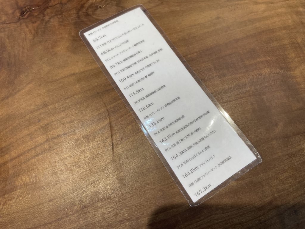 加えてキューシートとRide with GPSでのPCの距離がズレていたため、次の目的地までの距離をこの紙を見ながら走りました。
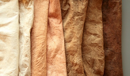 I find it regrettable that a lot of knowledge about vegetable leather tanning has been forgotten since the Industrial Revolution. With my 'Botanical Leather Tanning' project I examine the scope and diversity of local vegetable leather tanning agents, to bring them back to life. And to show the vivid, scenic properties of vegetable tanned skins.
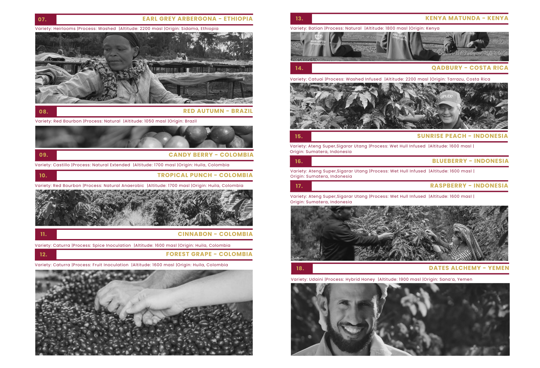 - Geisha Vu- Geisha Opal- Gold Liberica- Pinocchio- W1- Worka Cola- Earl Grey Arbegona- Red Autumn- Candy Berry- Tropical Punch- Cinnabon- Forest Grape- Kenya Matunda- Qadbury- Sunrise Peach- Blueberry- Raspberry- Dates Alchemy
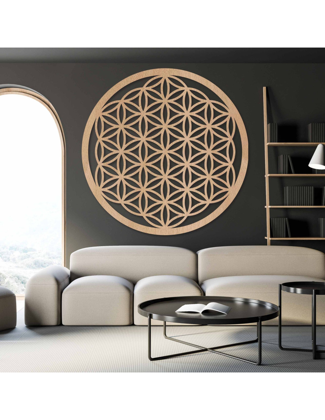 Dřevěná nástěnná dekorace Květ života posvátná geometrie mandala | FOGO
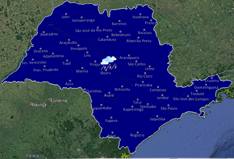 O Instituto de Pesquisas Meteorológicas (IPMet) da Universidade Estadual Paulista (Unesp), aponta 73% de chance de chuvas a partir das 15h. No fim do dia a probabilidade sobe para 86%.
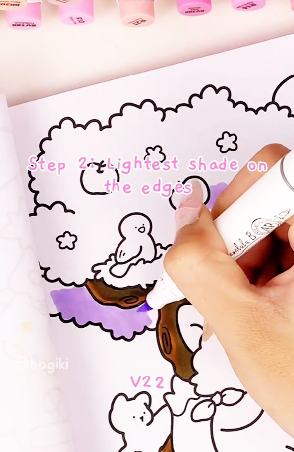 Next, move to the foliage area. Use the light purple marker (V22) to lay down a soft base layer beneath the tree canopy. This gentle tone sets the mood for a dreamy, romantic wisteria and helps later layers blend smoothly.
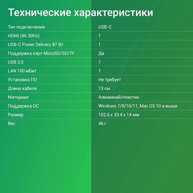 - Длина кабеля 13см. Не требует дополнительного питания

+-------+

Using the records above, repeat exactly the run of lines that starts with the line with "I find it regrettable" and goes on through the line with "- Geisha Vu- Geisha"; omit each picture.

 I find it regrettable that a lot of knowledge about vegetable leather tanning has been forgotten since the Industrial Revolution. With my 'Botanical Leather Tanning' project I examine the scope and diversity of local vegetable leather tanning agents, to bring them back to life. And to show the vivid, scenic properties of vegetable tanned skins.
 - Geisha Vu- Geisha Opal- Gold Liberica- Pinocchio- W1- Worka Cola- Earl Grey Arbegona- Red Autumn- Candy Berry- Tropical Punch- Cinnabon- Forest Grape- Kenya Matunda- Qadbury- Sunrise Peach- Blueberry- Raspberry- Dates Alchemy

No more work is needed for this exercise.